- **WHAT IS EXPECTED**: Exactly as they appear, print the line with "Discover this inviting" and each line after it through the end of the entries below; leave out pictures.

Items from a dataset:
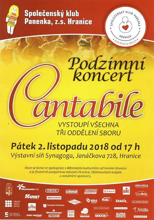 Hranice 2. 11. 2018 v 17:00 PODZIMNÍ KONCERT CANTABILE
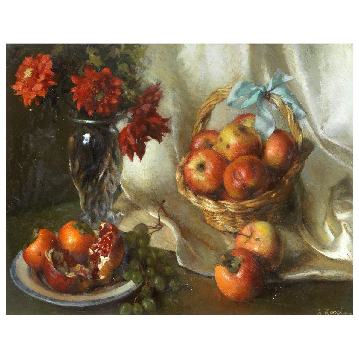Giuseppe Rossi (Firenze 1876 - Padova 1952) COPPIA DI NATURE MORTE CON FIORI E FRUTTA olio su tavola, cm 52x64 firmate rispettivamente in basso a destra e in basso a sinistra
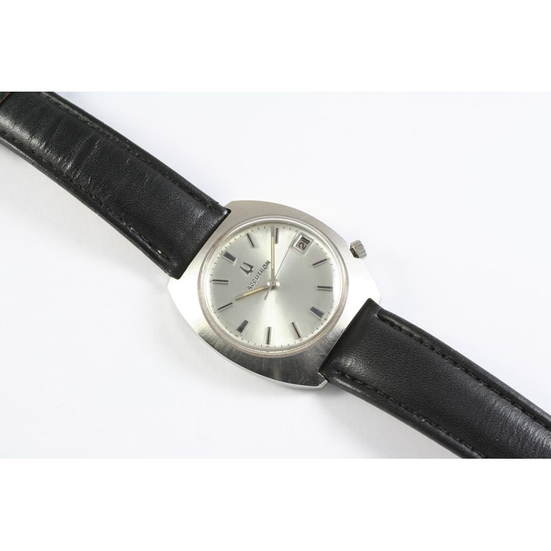 A GENTLEMAN'S STAINLESS STEEL 'TUNING FORK' ACCUTRON WRISTWATCH BY BULOVA
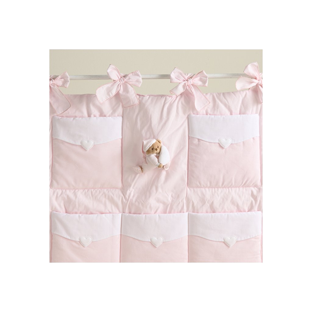 Udržujte detskú izbičku upratanú a elegantnú s Nanán závesným odkladačom s mašličkami z kolekcie Puccio v ružovej farbe. Tento prešívaný organizér je vybavený piatimi praktickými vreckami, ideálnymi na uloženie plienok, hračiek či oblečenia vášho bábätka. Jemné mašličky a dizajn s medvedíkom Puccio dodávajú odkladaču rozkošný vzhľad, ktorý skrášli každú detskú izbu.
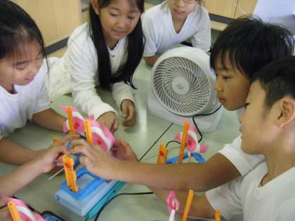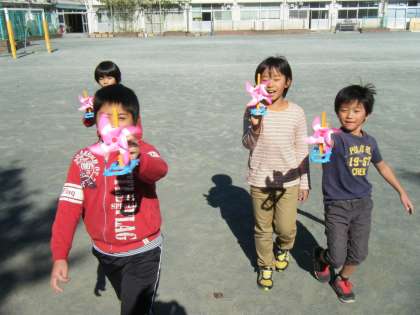 「どのようにすれば風車がよく回るのか」という学習問題を解決するために、校庭で確かめてみました。走り回って風を起こしたり、ジャングルジムに乗って高いところで風車を回したりしました。
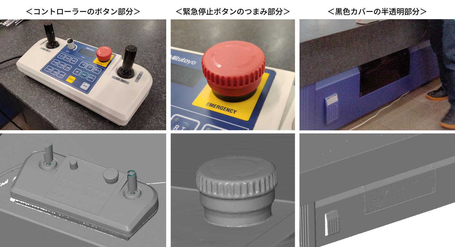 コントローラーのボタンの凹凸形状や緊急停止ボタンのつまみの入り組んだ形状等の細かな形状につきましては、撮影モードを切り替えて詳細なスキャンを行いました。
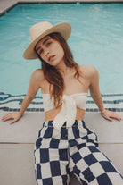 Taking notes from traditional fedoras, the Marcos has a polished silhouette with a wide, flat brim and a strong front pinch. Premium palm straw provides a light structure and 50+ UPF. Customize your fit with an adjustable Velcro strap underneath the inner sweatband.
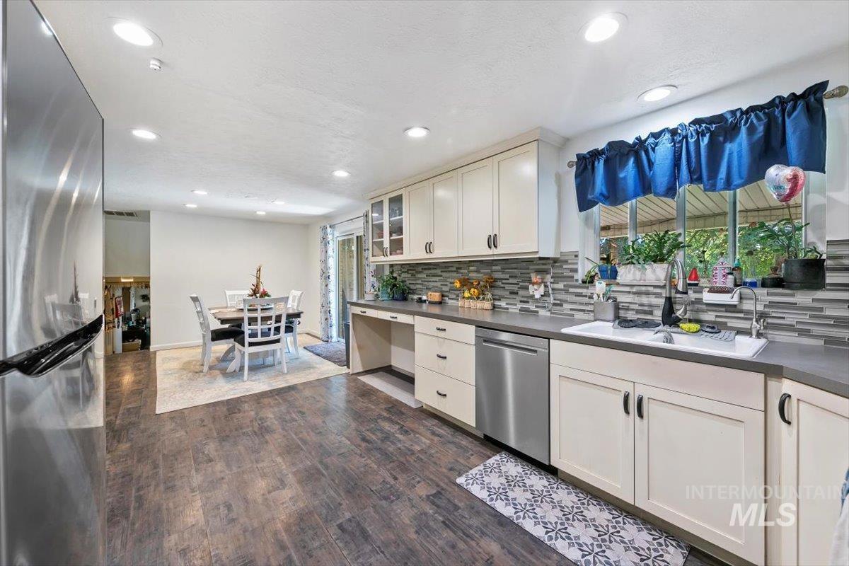 Discover this inviting 4-bedroom, 2-bathroom single-family home in the heart of West Boise. Built in 1968 and thoughtfully updated, this 2,146 sq ft residence blends timeless character with modern comfort. Step into a beautifully renovated kitchen that’s ready for everyday meals or weekend entertaining. The spacious layout offers warm, light-filled living areas perfect for relaxing or gathering with loved ones. Out back, enjoy a mature, private yard with lush landscaping and a covered patio - ideal for morning coffee, evening BBQs, or simply soaking up Idaho’s seasons. The extra-deep garage and additional side parking provide ample space for vehicles, toys, or storage. Best of all - no HOA, giving you the freedom to truly make this home your own. Located near neighborhood parks and a leisurely stroll away from Hyatt Lake Reserve. This home offers the perfect balance of tranquility and convenience. Whether you`re upsizing, downsizing, or planting roots, this West Boise gem is ready to welcome you home.
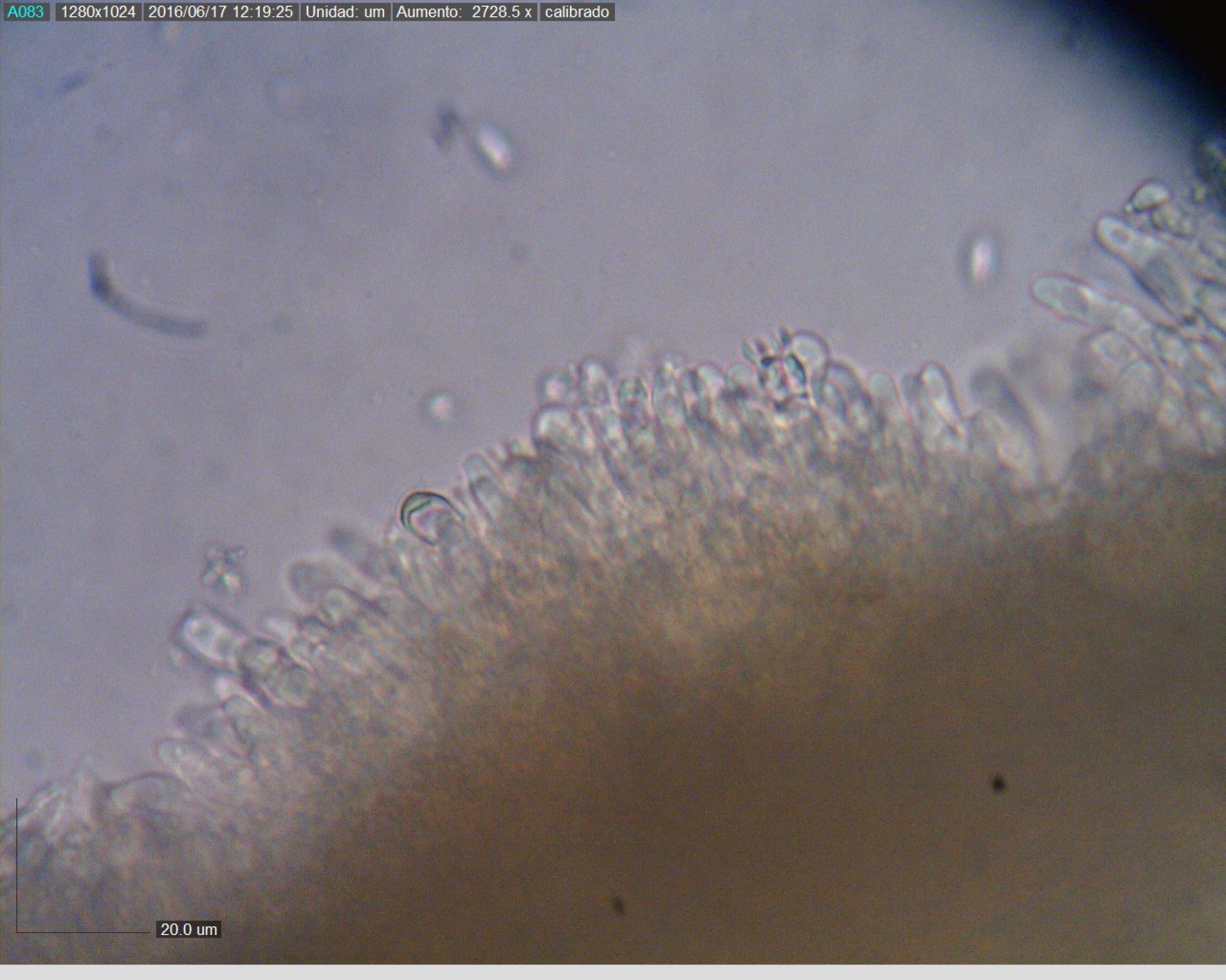 Los elementos que vemos en el corte transversal pueden ser cistidios pero no sabemos su medida. Yo siempre aconsejo un corte radial para mirar los queilocistidios. En un corte radial los queilocistidios (si existen) predominan sobre los basidios y es fácil observarlos, o bien bien mirar la arista en ese mismo corte , que estaría en la parte más delgada, (unos pocos queilocistidios). Es posible que el basidioma no presente pleurocistidios, a menudo tampoco las bibliografías los muestran, es por ello necesario incluir los queilocistidios.
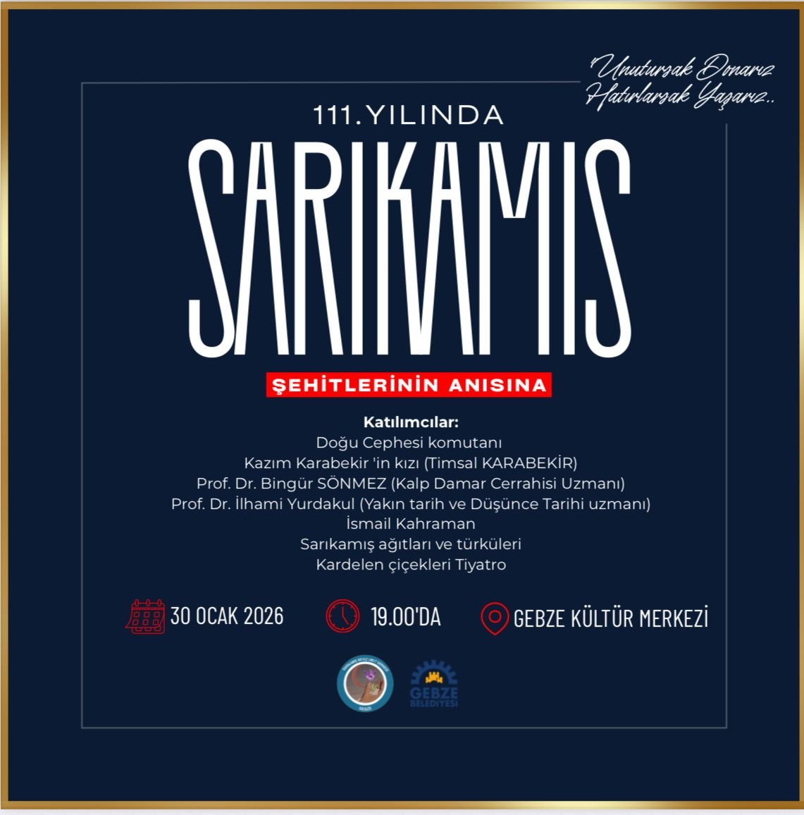 Gebze Belediyesi’nin ev sahipliğinde düzenlenecek Kafkas Cephesi Sarıkamış Şehitleri Anma Toplantısı’na:
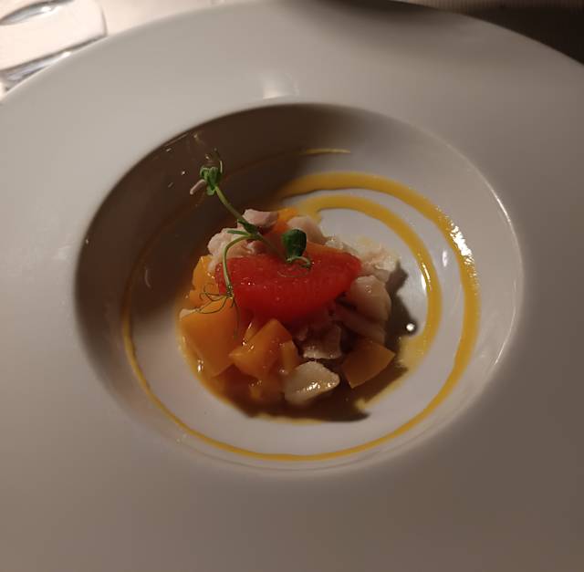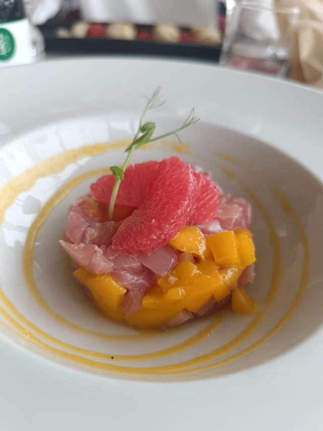 - Tartare di ricciola con mango e pompelmo rosa
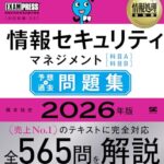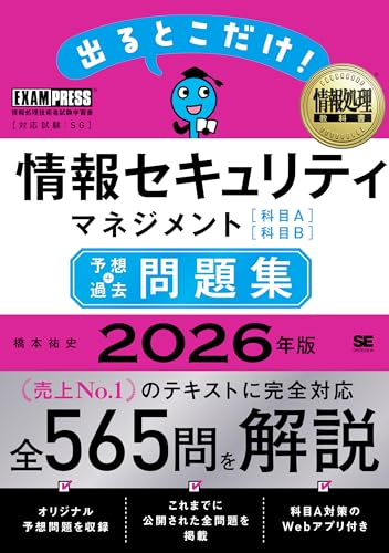 令和8年情報処理教科書「出るとこだけ!情報セキュリティマネジメント 2026年版」は、565問の解説と予想問題を収録した教材です。科目Aと科目Bの過去問題が含まれています。
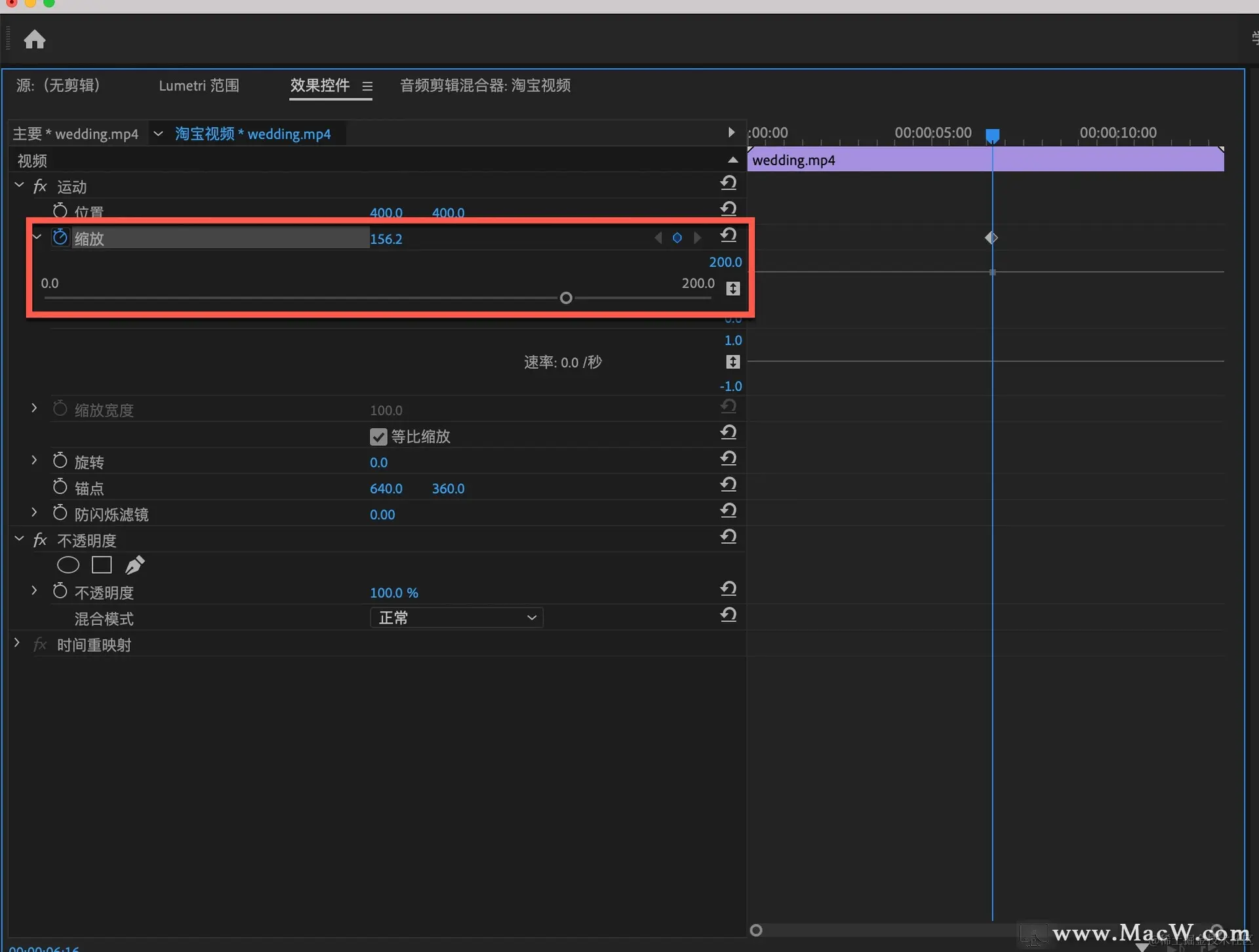 在效果控件的运动中,找到缩放并把画面调整到合适大小

- **THE ANSWER**:
 Discover this inviting 4-bedroom, 2-bathroom single-family home in the heart of West Boise. Built in 1968 and thoughtfully updated, this 2,146 sq ft residence blends timeless character with modern comfort. Step into a beautifully renovated kitchen that’s ready for everyday meals or weekend entertaining. The spacious layout offers warm, light-filled living areas perfect for relaxing or gathering with loved ones. Out back, enjoy a mature, private yard with lush landscaping and a covered patio - ideal for morning coffee, evening BBQs, or simply soaking up Idaho’s seasons. The extra-deep garage and additional side parking provide ample space for vehicles, toys, or storage. Best of all - no HOA, giving you the freedom to truly make this home your own. Located near neighborhood parks and a leisurely stroll away from Hyatt Lake Reserve. This home offers the perfect balance of tranquility and convenience. Whether you`re upsizing, downsizing, or planting roots, this West Boise gem is ready to welcome you home.
 Los elementos que vemos en el corte transversal pueden ser cistidios pero no sabemos su medida. Yo siempre aconsejo un corte radial para mirar los queilocistidios. En un corte radial los queilocistidios (si existen) predominan sobre los basidios y es fácil observarlos, o bien bien mirar la arista en ese mismo corte , que estaría en la parte más delgada, (unos pocos queilocistidios). Es posible que el basidioma no presente pleurocistidios, a menudo tampoco las bibliografías los muestran, es por ello necesario incluir los queilocistidios.
 Gebze Belediyesi’nin ev sahipliğinde düzenlenecek Kafkas Cephesi Sarıkamış Şehitleri Anma Toplantısı’na:
 - Tartare di ricciola con mango e pompelmo rosa
 令和8年情報処理教科書「出るとこだけ!情報セキュリティマネジメント 2026年版」は、565問の解説と予想問題を収録した教材です。科目Aと科目Bの過去問題が含まれています。
 在效果控件的运动中,找到缩放并把画面调整到合适大小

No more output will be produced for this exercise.